Public Art for the Public? : Attitudes, Community, Evaluation & Communication

University essay from Uppsala universitet/Konstvetenskapliga institutionen

Abstract: This thesis explores how Public Art involves the community and how Public Art Administrators view this involvement and how they communicate with the public. In extension, the analysis aims to explore how public art and related community engagement can be evaluated, and also proposes a simple evaluation tool. The analysis is based upon an examination of the four chosen Northern California Public Art Programs through comparing their Public Art Master Plans. In addition to analyzing the Master Plans, a survey was also sent out to all Program Managers with additional questions about their channels of communications, their web traffic, evaluation, their interactions with the local politicians, and how the COVID-19 pandemic had affected these aspects for them.
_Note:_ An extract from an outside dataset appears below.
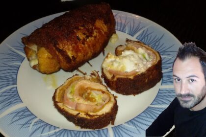 Pork stuffed schnitzel (Greek escalop) with bacon, gouda, green peppers and Greek creamy white cheese Every week new … source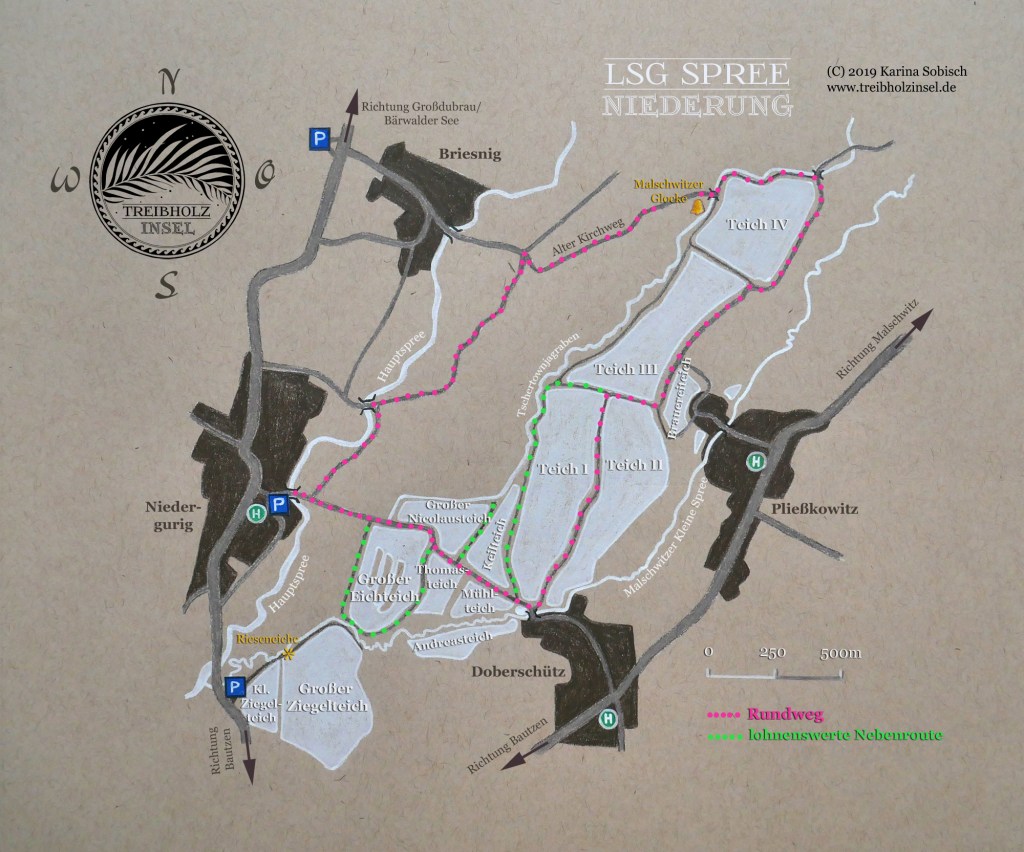 Im Herbst 2018 wurde eine Brücke, welche die Malschwitzer Kleine Spree zwischen Großem Ziegelteich und Großem Eichteich querte, binnen zwei Tagen abgerissen. Dadurch sind die Rieseneiche und die Ziegelteiche derzeit nur von der Bundesstraße aus zu erreichen, statt vom Radweg aus. Das Ganze ist ein trauriges Schauspiel aus diffuser Rechtslage, vielschichtigen Besitz- und Grundstücksverhältnissen, eigenartigen Interessenlagen und deutscher Bürokratie. Wer Nerven hat, kann sich aus den folgenden Zeitungsberichten ein Bild und vielleicht auch eine Meinung machen…

The analysis also consisted of examining all the digital tools the Public Art Programs were utilizing; their social media, the social media context for each city, and their websites. The analysis is also based upon the theories by Jurgen Habermas in his work The Structural Transformation of the Public Sphere. His perspective is applied on the analysis of the general public and on the attitude among the profession on the community’s involvement in public art, and in extension, the evaluation of public art. The main take-aways from the analysis is how the community is being described and viewed in the Master Plans, and by program staff. It becomes obvious that the general attitude is that the general public does not understand Public Art, and that they need to be educated and informed about it. Three perspectives of Public Art appears among the profession: The insider perspective, with the view of the community as passive receivers, the multidimensional perspective with a more differentiated approach both seeing the intrinsic value but also the measurable values, and the critical perspective questioning what public art is and what value it has at all. All of these call for a need of evaluation in a systematic and credible way. Social media and other types of new media can also contribute to communication, community engagement and evaluation. Finally, Public Art and the development of cities are heavily intertwined, but the true impact of Public Art needs to be evaluated, since the art does not stand alone - instead it is dependent on implementation, community engagement and a vibrant city.